## REQUIRED WORK
Your response to the data below should hold nothing except the lines from the one containing "純子先生からの素晴らしい愛のプレゼントとして 有難く出発したこの年は きっと実りある" down to the one containing "在三○年代,還是學生的 Viola Longacre", reproduced exactly and without pictures.

## Stored dataset items
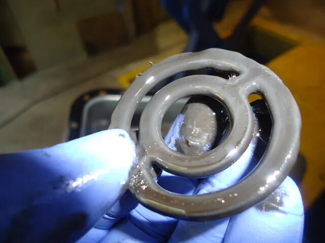オイルパンのそこに細かい金属片がちらほらとあるのがお分かりになりますでしょうか?
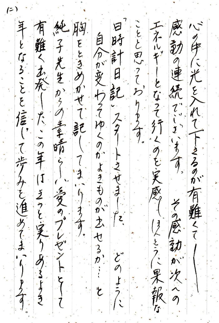 純子先生からの素晴らしい愛のプレゼントとして 有難く出発したこの年は きっと実りある よき年となることを信じて歩みを進めてまいります。
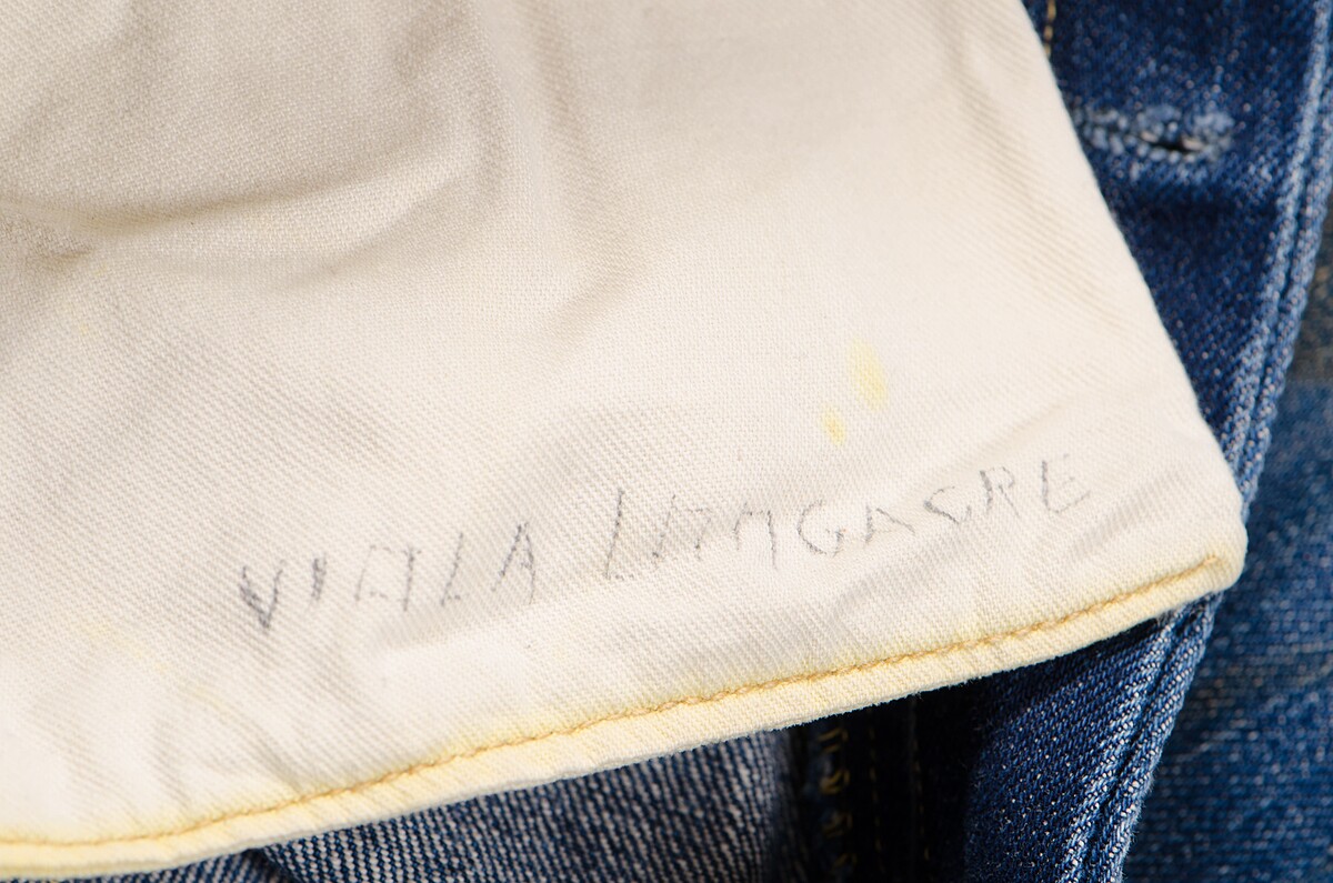 在三○年代,還是學生的 Viola Longacre 穿著此褲在加州學校外的塞拉山國家森林中活動,耐磨的特質讓他時常穿著,內袋更繡有他的名字。
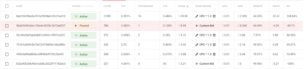 Также на основании полученных данных определили и добавили в блеклист паблишеров, по которым не было конверсий, либо была высокая стоимость закупки.
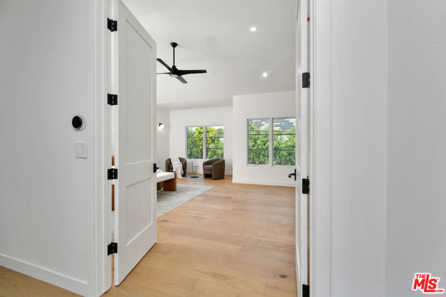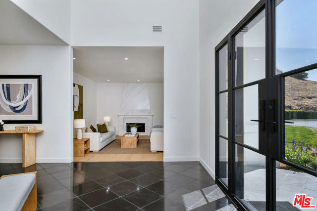 This spectacular, fully remodeled home is located within the prestigious 24-hour guard-gated Mountain View Estates in prime Calabasas. Set on an impressive 17,000 sq ft corner lot, this 5-bedroom, 4.5-bath residence is a true design-forward showplace. A striking metal and glass entry door opens to a dramatic staircase, wide-plank hardwood floors, and new Marvin windows that flood the home with natural light. The reimagined chef's kitchen is the heart of the home, outfitted with top-tier appliances including dual dishwashers, a walk-in pantry, marble countertops, and a built-in serving hub with ice maker and beverage fridge. A pass-through window connects to the expansive outdoor entertaining area. The generous family room, finished with a Venetian plaster fireplace and fully retractable doors, flows seamlessly to the covered patio and backyard beyond. Formal living and dining spaces offer scale and sophistication while remaining functional for modern living. Upstairs, the primary suite is a luxurious retreat featuring a fireplace, sitting area, spa-like bath with glass-enclosed shower, freestanding soaking tub, and a high-end electric toilet. Three additional upstairs bedrooms are spacious and well-appointed. A private office, large utility room, and 3-car garage add to the home's thoughtful layout. The resort-style backyard is designed for year-round enjoyment, complete with a redesigned pool and spa with Baja shelf, built-in BBQ, generous grassy areas, and multiple zones for lounging and entertaining. This is a rare opportunity to own a turnkey property that checks every box, style, function, and setting.
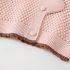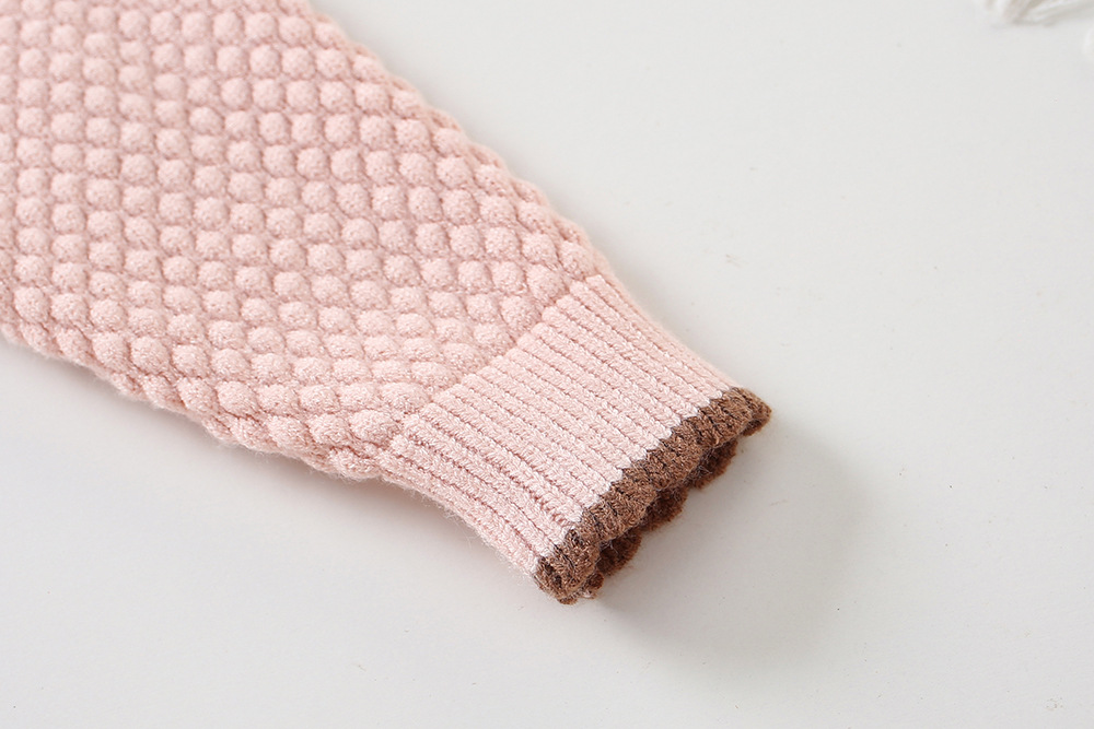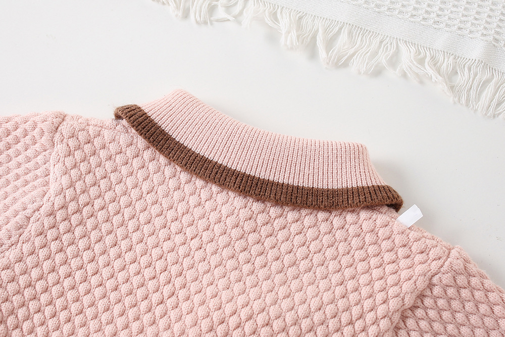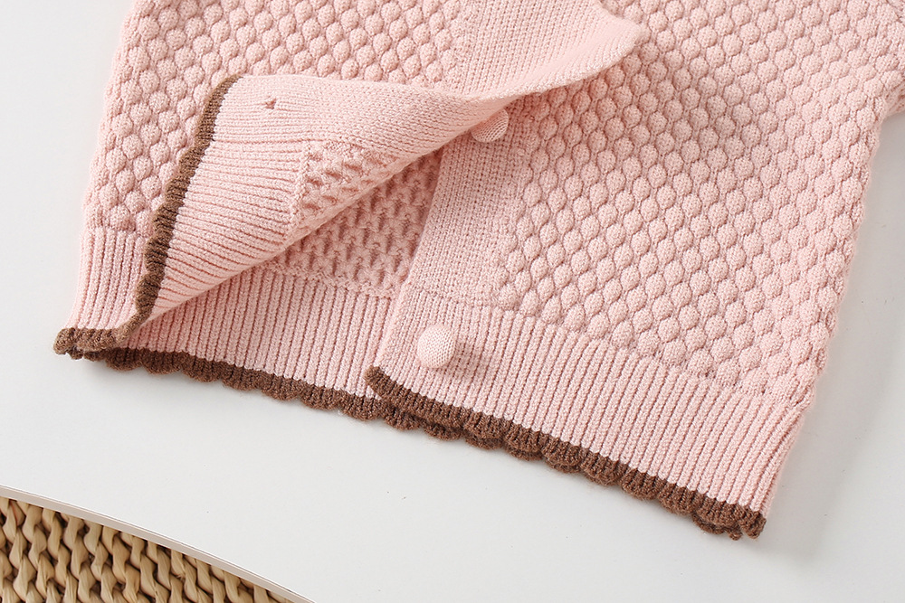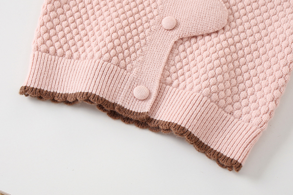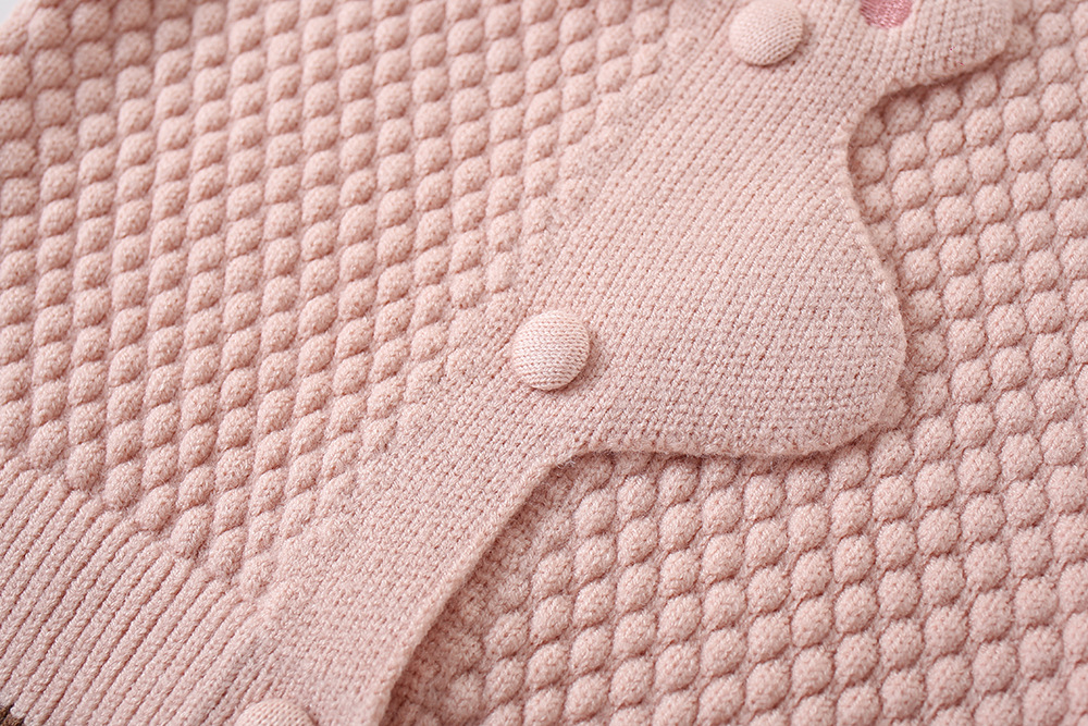 -Cardigan din tricotaj moale și plăcut la atingere, cu model romboidal, de culoare roz. Modelul are o croială standard și guler modern tip „Peter Pan”, decorat cu o aplicație adorabilă cu iepuraș și urechiușe pufoase. Nasturii în ton adaugă un plus de individualitate și dulceață.

## RESPONSE AREA
 純子先生からの素晴らしい愛のプレゼントとして 有難く出発したこの年は きっと実りある よき年となることを信じて歩みを進めてまいります。
 在三○年代,還是學生的 Viola Longacre 穿著此褲在加州學校外的塞拉山國家森林中活動,耐磨的特質讓他時常穿著,內袋更繡有他的名字。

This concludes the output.